I am writing because there are several things that have been ruminating in my heart, things, I believe, that have been placed there by our God Himself. I am writing because this word (these words) are not from me. I believe they have been placed there for a purpose. Now, hear me, please. I am not suggesting these words are on the level of divine revelation, on level with the Word of God. I am, however, suggesting that these "things" are firmly embedded in God's Word. I am writing because I think we have tamed and trained these word, these things so as to reduce the true threat that the gospel, and the God it represents, pose to our American Dream. Therefore, if you have faith in Christ Jesus as true Savior and true God, please, read on.

I start with a quote from Karl Barth's The Word of God and the Word of Man (also known as The Word of God and Theology):

This then is the inner situation in which we come upon the quite pointless question whether God is righteous. The righteousness of God becomes becomes preposterously a problem and a subject for discussion. In the war it has become a "real question" again. There is now hardly a community in all the country round in which, noisily or quietly, roughly or delicately, this question is not mooted; and it is mooted, fundamentally, in us all: If God were righteous, could he then "permit" all that is now happening in the world?
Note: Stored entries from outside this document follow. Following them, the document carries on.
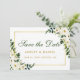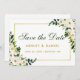Floral Floral Verde Oro Blanco Guardar la tarjeta de compromiso de fecha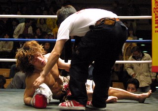 リトルライオンと異名を取る瀬尾、突貫ファイトで見せたが、終盤スタミナ切れが激しく、試合終了と同時にマットに倒れこんだ。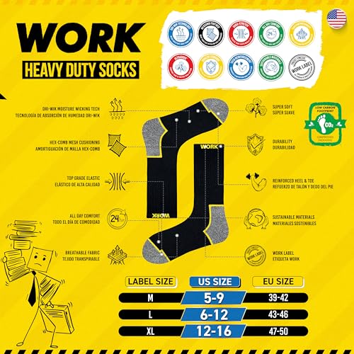 SOXCO chaussettes de travail homme 10 Paires, WORK socks lot de 10 paires
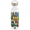 Camp Life, Μεταλλικό παγούρι θερμός (Stainless steel) Λευκό με ξύλινο καπάκι (bamboo), διπλού τοιχώματος, 750ml
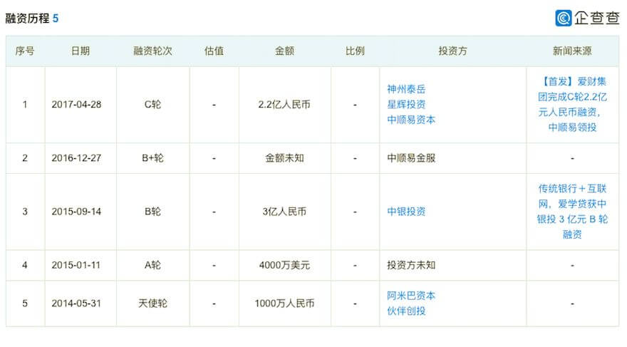 截至2018年,爱财集团共计获得4轮累计近10亿人民币融资,估值超过10亿美金,进入新金融独角兽阵营。最近一次融资发生于2017年4月,爱财集团宣布完成2.2亿元C轮融资,由中顺易领投, 星辉互动和A轮投资方神州泰岳跟投。

A pointless question? Absolutely so, if it refers to God, the livingGod. For the living God never for a moment manifests himself in our conscience except as a righteous God. When we see him as he is and when he asks us to recognize and accept him as he is, is it not pointless to ask, Art Thou righteous? A very pointed and correct and weighty question it is, however, when we refer it to the god to whom in our pride and despair we have erected the tower of Babel; to the great personal or impersonal, mystical, philosophical, or naive Background and Patron Saint of our human righteousness, morality, state, civilization, or religion. If it is he we mean, we are quite right in asking, Is God righteous? For the answer is soon given. It is our calamity, a calamity from which there is no posibility of rescue or release, that with a thousand arts we have made ourselves a god in our own image and must now own him - a god to whom one must put such comfortless questions and receive such comfortless answers. In the question, Is God righteous? our whole tower of Babel falls to pieces. In this now burning question it becomes evident that we are looking for a righteousness without God, that we are looking, in truth, for a god without God and against God - and that our quest is hopeless. It is clear that such a god is not God. He is not even righteous. He cannot prevent worshipers, all the distinguishedEuropean and American apostles of civilization, welfare, and progress, all zealous citizens and pious Christians, from falling upon one another with fire and sword to the amazement and derision of the poor heathen in India and Africa. This god is really an unrighteous god, and it is high time for us to declare ourselves thorough-going doubters, sceptics, scoffers, and atheists in regard to him. It is high time for us to confess freely and gladly: this god, to whom we have built the tower of Babel, is not God. He is an idol. He is dead.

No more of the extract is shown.